Dot writes: the recent UK election made me think about how the media deceive us. By this I mean not that newspapers lie but that social media coupled to the way we get information create an illusion of what public opinion is. Who were all these people who voted conservative? I didn’t seem to know any. All the comments I read, by people known to me and unknown, talking directly or linked through the Guardian, the LRB, Avaaz, the blogosphere (which still exists – there are still plenty of people who can read something longer than a tweet) seemed quite convinced of the following:
– current UK housing policy is a disaster
– the benefits cap and the bedroom tax create monstrous injustices
– the universities are being taken to pieces for the benefit of – well, nobody; possibly private providers; certainly not students, and certainly not research
– the NHS is a parallel case – what’s happening to it isn’t what doctors want or what patients want
– climate change is real and urgent action is needed
– TTIP is very frightening
– the current treatment of migrants, especially asylum seekers, is horrendous. Skilled migrants pay in more than they take out; refugees deserve compassion and help not suspicion, detention, deportation
– the reduction of everybody’s worth to the amount of taxes they pay is grotesque
One had a sense of a swell of righteous agreement around these and related points. With reference to the UK election specifically it was still a bit hard to see who to vote for, given the first-past-the-post system and the wetness of the Labour Party, but more broadly, and not just in the UK (equivalent issues arise in other countries), these things were What Everybody Thought.

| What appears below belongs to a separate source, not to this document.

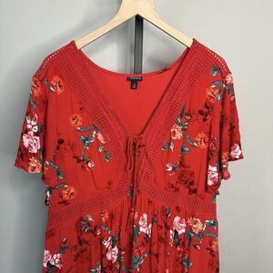 TORRID Red Floral Crochet Skater Dress Boho Front Tassel Tie Size 4X
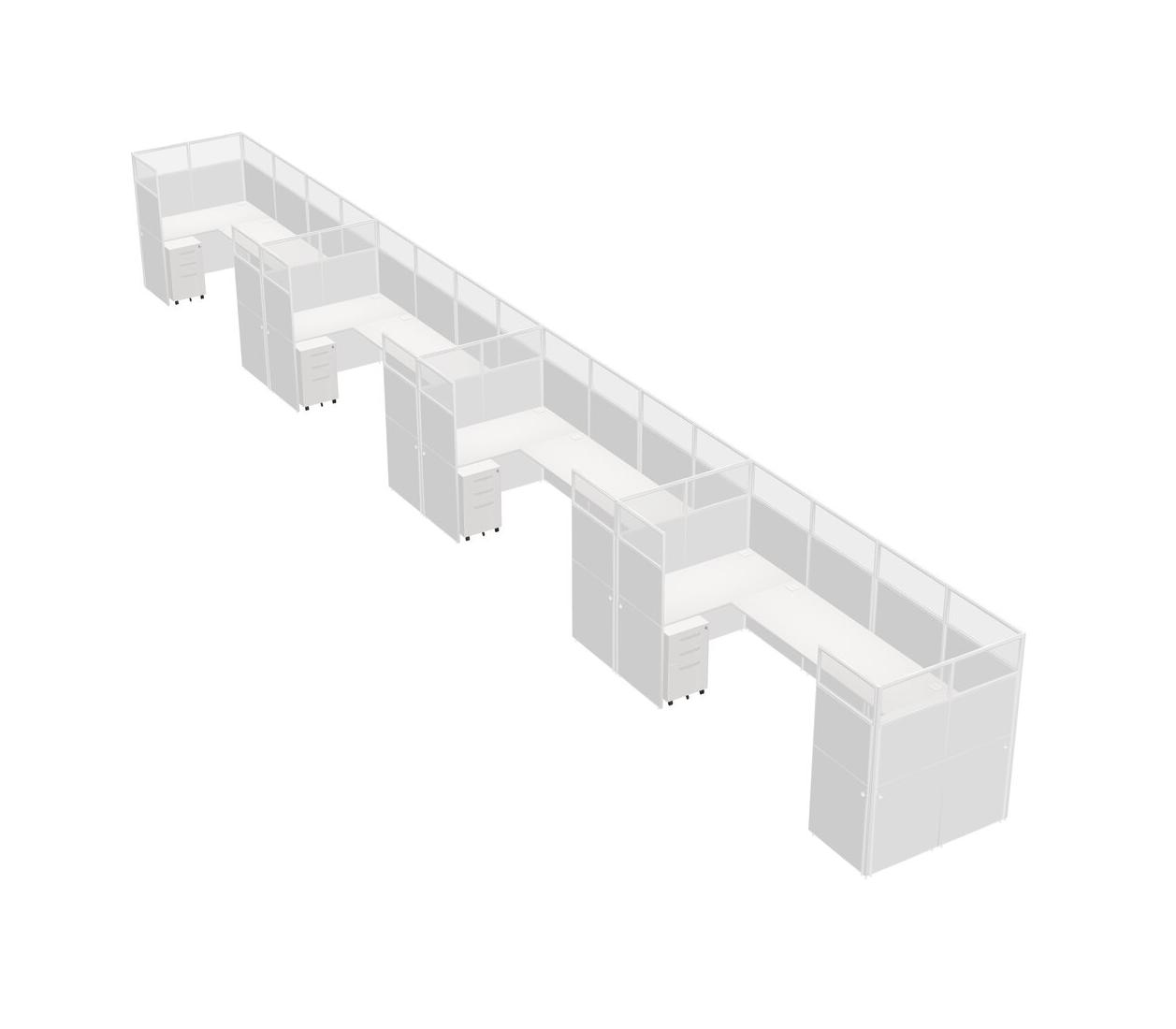 White U-shaped Panel System For 4 Person + Metal Mobile Drawers For 4 User(s)

Except of course they weren’t and aren’t. The bigness of the internet, the sense of being brought into contact with millions of strangers, concealed the fact that we were still all talking in a circle of the like-minded. We linked and clicked in circles to each other. And somewhere out there, on the internet and off it, were people who weren’t listening to these voices at all, and for whom none of this was obvious.
How do we reach each other? That’s the question. The left gets accused of being a preachy bubble that doesn’t listen, convinced of its rightness and out of touch. To my mind, the things I believe as a lefty seem to be based on good evidence, good arguments. But people don’t believe things on the basis of arguments, not when it’s anything important to them. It’s based on who you are – who you’re with. Are these people giving you this message the kind of people you like? People like you? Or are they the people who (you think) think they’re better than you, set themselves up to teach you, grade you, fail you in your exam? Or (more from my own perspective here) are they the kinds of idiots who think they know everything because they got rich by knowing it, because they wear important suits, because they talk confidently about the Markets and have put away childish things like art or pity? Because f**k those people.
But we’re not going to get anywhere like this, are we? Sometimes I think the arts can bring people together, but they only can a bit; again, culture marks divisions as much as connections. However much you try to be open and reach out and explore, belonging always has walls. Is there any other way?